The 191-member General Assembly, the collective voice of the international community at the United Nations, brushed aside both U.S. and Western criticisms to elect China, Russia and Cuba to the newly-created Human Rights Council. All three countries -- along with Iran -- were castigated by Western nations, as well as by non-governmental organisations (NGOs), as "human rights violators" who should be kept out of the new Council.


Last week, the New York-based Human Rights Watch also singled out three additional countries -- Azerbaijan, Pakistan and Saudi Arabia -- as failing to protect human rights and therefore unworthy of membership. The Paris-based Reporters Without Borders, which included Tunisia on its list of human rights violators, said these countries also "violated freedom of expression and human rights on a massive scale".

But after a secret ballot in the General Assembly Tuesday, seven of the eight countries were elected to the Council -- much to the disappointment of Western nations and human rights organisations.

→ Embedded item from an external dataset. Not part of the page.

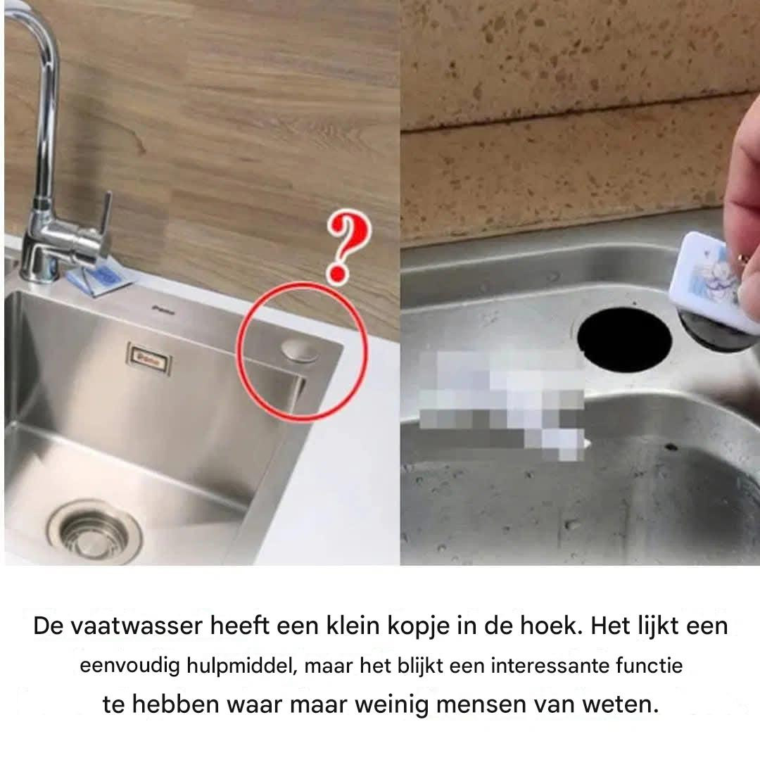 Het is een luchtopening voor de vaatwasser, een detail dat in sommige regio’s vereist is om te voorkomen dat verontreinigd water in de leidingen voor schoon water terechtkomt. Het is bedoeld om de waterafvoer te verbeteren en de hygiëne te handhaven.

The only exception was Iran, which failed to muster the necessary votes -- receiving only 58 out of the required minimum of 96. A total of 63 candidates vied for 47 seats in the Council.

Asked to comment about the election of countries considered human rights abusers, General Assembly President Jan Eliasson told reporters Tuesday: "I would not mention any of the member states (by name). I would want you, though, to also look at the list of the candidates for the Human Rights Council -- the countries that decided to run, and the countries that decided not to run."

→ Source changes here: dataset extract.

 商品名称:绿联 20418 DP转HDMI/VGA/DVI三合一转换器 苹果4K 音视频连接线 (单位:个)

Kenneth Roth, executive director of Human Rights Watch, told reporters last week that at least 11 countries described as perennial human rights violators -- including Zimbabwe, Syria, North Korea, Libya, Nepal, Belarus, Myanmar (Burma) and Sudan -- chose not to run, primarily because of new requirements.

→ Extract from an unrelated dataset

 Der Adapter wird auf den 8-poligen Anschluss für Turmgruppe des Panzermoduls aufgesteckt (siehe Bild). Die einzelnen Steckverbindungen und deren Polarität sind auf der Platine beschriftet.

One of the requirements was a periodic review of the human rights record of all Council members, which was not mandatory for membership in the outgoing much-criticised Human Rights Commission. Eliasson said that all members of the Human Rights Council will have their records on human rights reviewed, "and that they have to live up to the pledges and commitments that they made during the campaign", he said.

Among the countries that decided to skip the elections was the United States, which has been criticised for human rights abuses of prisoners at the Abu Ghraib prison outside Baghdad and at the U.S.-run detention facility in Guantanamo Bay Cuba, where terror suspects are being held. The administration of President George W. Bush has also come under fire for justifying violations of the rule of law and international conventions in the name of fighting terrorism.

"The new Council faces a huge set of tasks, with human rights violations on the rise in so many parts of the world. No country has a perfect record of defending human rights and human rights norms," Phyllis Bennis, a senior fellow at the Washington-based Institute of Policy Studies, told IPS. But the combination of members of the new Council looks like a pretty good representative sampling of global governments -- some with a long history of strong commitment to human rights such as Canada; some with a recent commitment strengthened by earlier years of repression such as South Africa, Brazil, or Germany; still others whose current human rights record remains seriously flawed, such as Saudi Arabia, Nigeria, Russia or Pakistan, she said.

"The agreement that all members of the Council will themselves be subject to serious investigation of their own human rights record bodes well for a Council that will be taken seriously by the international community as a whole," said Bennis, author of "Challenging Empire: How People, Governments, and the U.N. Defy U.S. Power". The real challenge now facing the Council lies in the willingness of its members to stand up to political pressures from powerful governments and other forces outside the Council, she noted. "If it can manage that, perhaps it will succeed in its broader mandate of making the protection of human rights an equal component of the U.N.'s work -- equivalent in all ways to peace, security and development," Bennis said.

Of the countries under a cloud, Tunisia garnered 171 of the 191 votes in the General Assembly, Pakistan 149, China 146, Russia 137, Cuba 135 and Saudi Arabia 126 votes.

The elections for the Human Rights Council were also viewed by some diplomats as a political barometre for the proposed expansion of the U.N. Security Council: a proposal that is currently in limbo because of sharp division among member states. All four countries aspiring for permanent seats in the Security Council -- India, Brazil, Japan and Germany -- were elected to the Human Rights Council. Of the four, India received the largest number of votes on Tuesday: 173 compared with Brazil (165), Japan (158) and Germany (154).

A Third World diplomat told IPS: "The vote on the Human Rights Council is not exactly the same as a vote on the Security Council expansion issue." But the voting outcome gives "a fairly realistic indication" of how these countries will probably fare should there be a vote on Security Council expansion, he added.

James A. Paul, executive director of the New York-based Global Policy Forum, has a different take on the issue. "I don't think this is good reasoning, as it assumes that votes would be dictated by the same rationale in both cases. Instead, I think that member states are capable of making distinctions between candidacy for a permanent seat and candidacy for a short-term seat on the Human Rights Council," he told IPS. The states that are aspirants to permanent seats are not among the serious human rights violators and at the same time they are influential, he said. "So members that would fiercely oppose them as permanent members might well vote for them as effective members of the Human Rights Council. It would be a shame if some confuse the two," Paul added.

"Anyway, the race for permanent seats is over, finished and dead. No one should be wondering whether this corpse will rise again from the grave. It's time to start thinking about other, more creative ways of improving the representation on the Security Council," Paul added.